A new scoring system appears to be a good alternative to existing schemes, such as the Alvarado score, in quantifying the risk of complications and strength of recommendation for surgical intervention in child acute appendicitis, a Singapore study has shown.

“[T]his study proposed a newly developed scoring scheme [called POPs] that integrates inflammatory predictors and ultrasonographic (US) findings into a comprehensive score, allowing for effective risk stratification in paediatric cases of acute appendicitis, with a range of 0–20 risk points,” the researchers said. “Although further calibration would certainly be beneficial, the proposed scoring scheme is simple, as well as easy to understand, remember, and apply in the emergency room.”

Overall, 179 patients with suspected appendicitis who had undergone US examination were enrolled in this study. They were further categorized into confirmed appendicitis (n=101) and nonappendicitis (n=78) groups based on their medical evaluation and postsurgical histopathological results.

The appendix was visualized in 66 patients (65.3 percent) in the appendicitis group. In cases where the appendix was not visualized, the researchers examined any secondary inflammatory signs, which were found in 32 patients (31.7 percent). [Singapore Med J 2020;doi:10.11622/smedj.2020102]

Stepwise logistic regression showed the following significant risk factors for appendicitis: Blumberg’s sign, free fluid or collection, hyperaemia, noncompressible appendix, and an appendix diameter >7 mm. Using these inflammatory predictors and US findings, the researchers then developed the POPs-based diagnostic scheme, with an area under the receiving operating characteristic curve of 0.958 (95 percent confidence interval [CI], 0.929–0.986).

The visualization rate in this study was comparable to that of Mittal and colleagues, who found a lower rate of appendix visualization in hospitals where US examinations is less often conducted (25 percent) as compared to those where US was routinely employed in appendicitis diagnosis (56 percent). [Acad Emerg Med 2013;20:697-702]

In addition, a study by Trout and colleagues stressed the high false negative and false positive rates in US examinations. The current researchers suggested the involvement of experienced personnel and additional training to improve diagnostic performance. [Pediatr Radiol 2012;42:813-823]

“US findings have been used to enhance diagnosis methods of acute appendicitis in many studies, although a quantitative scoring system for suspected appendicitis in children is not yet available,” the researchers noted.

A study by Larson and colleagues, which evaluated the diagnostic accuracy of US of paediatric appendix among 1,357 examinations, reported a 96.8-percent accuracy of a five-category interpretive scheme. The current study, however, did not classify US findings into categories, but a discriminative power of US by area under the curve (0.807, 95 percent CI, 0.642–0.972) was found. [AJR Am J Roentgenol 2015;204:849-856]
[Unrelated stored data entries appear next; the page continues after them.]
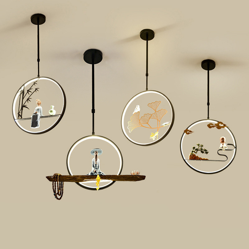 Tempat lilin kecil Zen Tiongkok, lampu gantung kecil kepala tunggal, belajar kecil, ruang teh Tiongkok led kreatif gaya Tiongkok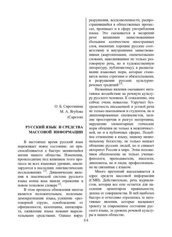Сиротинина, О. Б. Русский язык и средства массовой информации / О. Б. Сиротинина, М. А. Якубова. - Текст : непосредственный // Речевое общение. - 2000. - Вып. 3 (11). - С. 64-70. - Библиогр. в конце ст. - ISSN 1682-3923.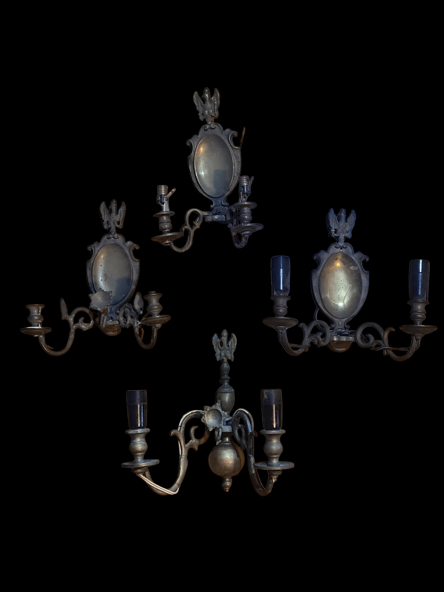 Mosiadziane konkiety ścienne w stylu Księstwa Warszawskiego z czasów PRL. Wymagają naprawy instalacji elektrycznej. Cena dotyczy jednej sztuki, różne warianty do wyboru. cena 1 sztuki do wyboru.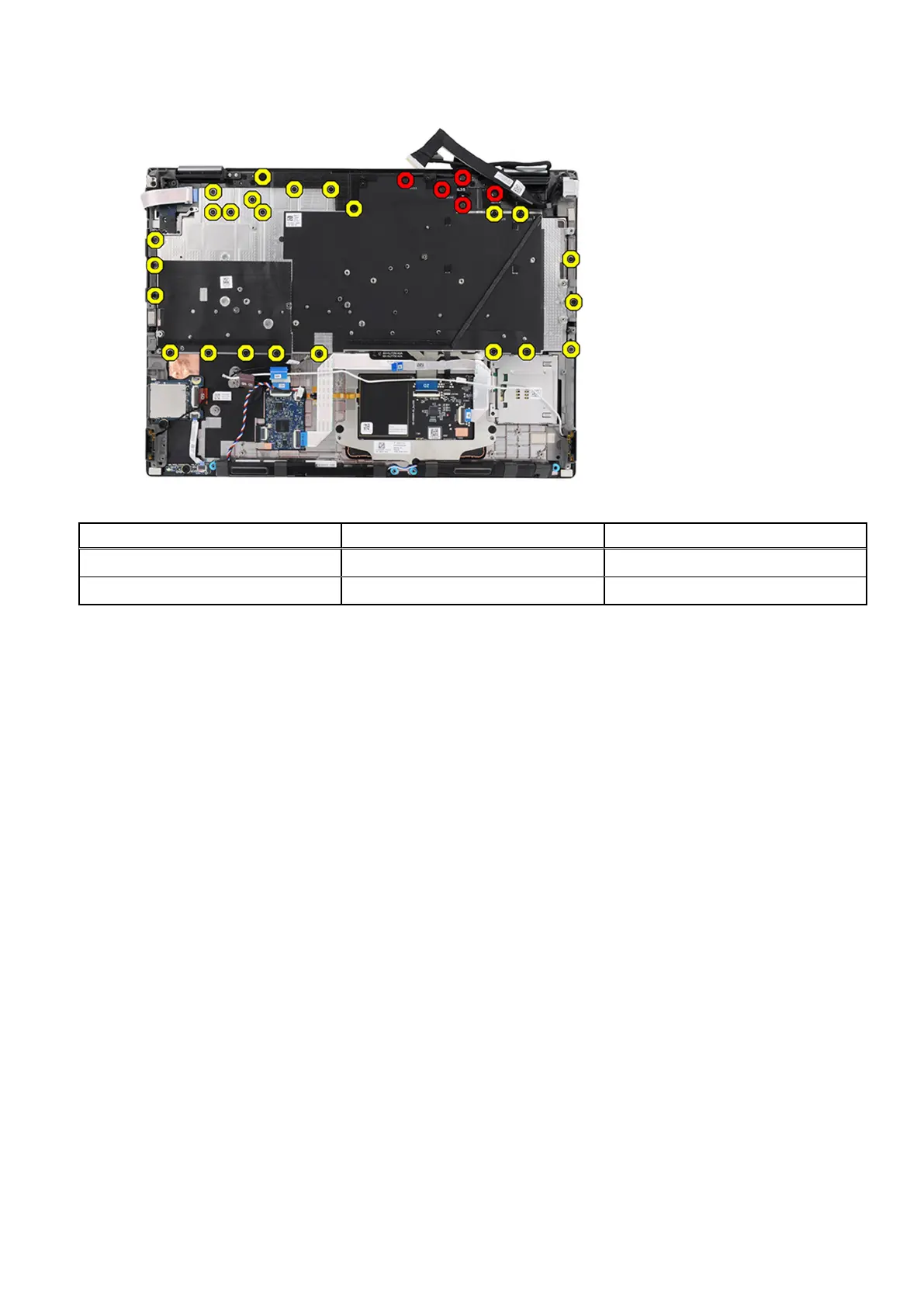 Table 3. Keyboard support plate screws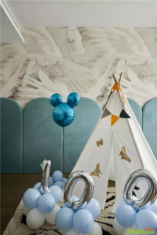 兒童區(qū)域淺藍色讓人如臨海洋,羽毛的壁紙活潑充滿張力,而小小的帳篷給予溫馨、夢幻的氛圍感。
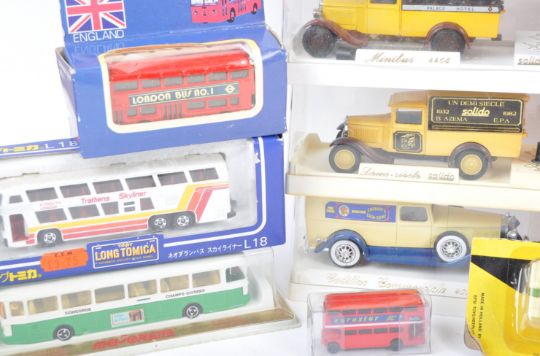 A collection of approx 25 assorted European scale diecast model buses coaches and cars to include Solido, Joal, Efsi, Majorette, Herpa, Brumm, Tomy Long Tomica and others. All models appear mint within original boxes. Good collection.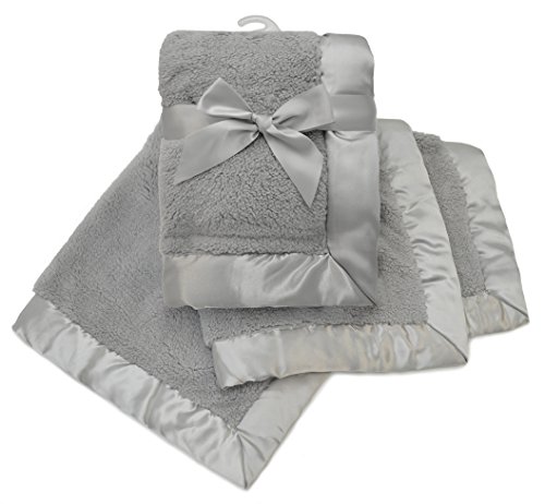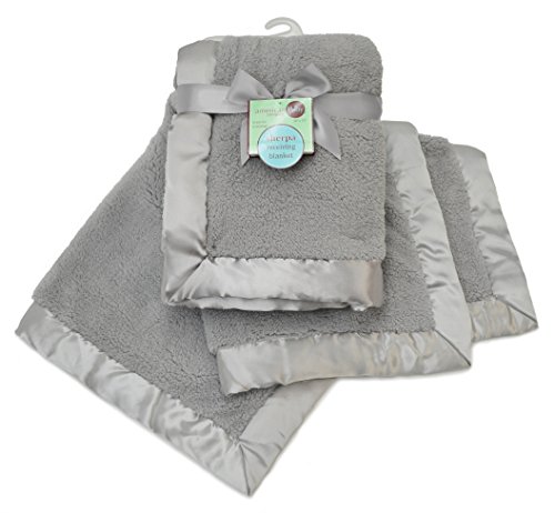 Front and back: 100% extra soft and cuddly polyester Sherpa with 2.5 in satin trim, Generously sized at 30 x 35 inches, Can be used in a baby carrier, stroller or as a traveling blanket; Perfect gift for baby shower, Machine wash in cold water and dry on lowest temperature setting, Imported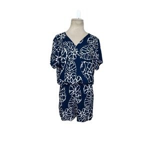 Escapada blue white tropical print romper size medium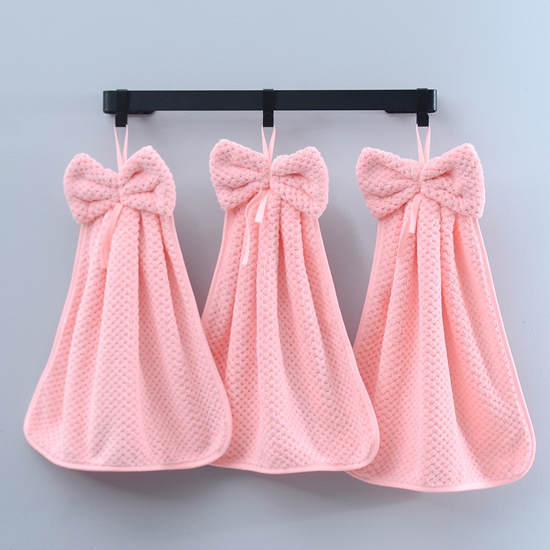 Lillian Pineapple Grid Coral Fleece Thickened Absorbent Hanging Bathroom Kitchen Hand Towel Non-Shedding Soft

“Diagnosis of acute appendicitis in children is difficult due to many factors, and the removal of a healthy appendix is associated with a greater risk of abdominal adhesions as compared to acute appendicitis,” the researchers said. “This is a hazard to be considered in contrast with an increasing rate of appendiceal perforation in delayed surgical interventions.” [Asian J Surg 2013;36:144-149]

However, surgery must not be delayed in paediatric patients with a high suspicion of appendicitis due to the high risk of perforation and further secondary complications, according to the researchers.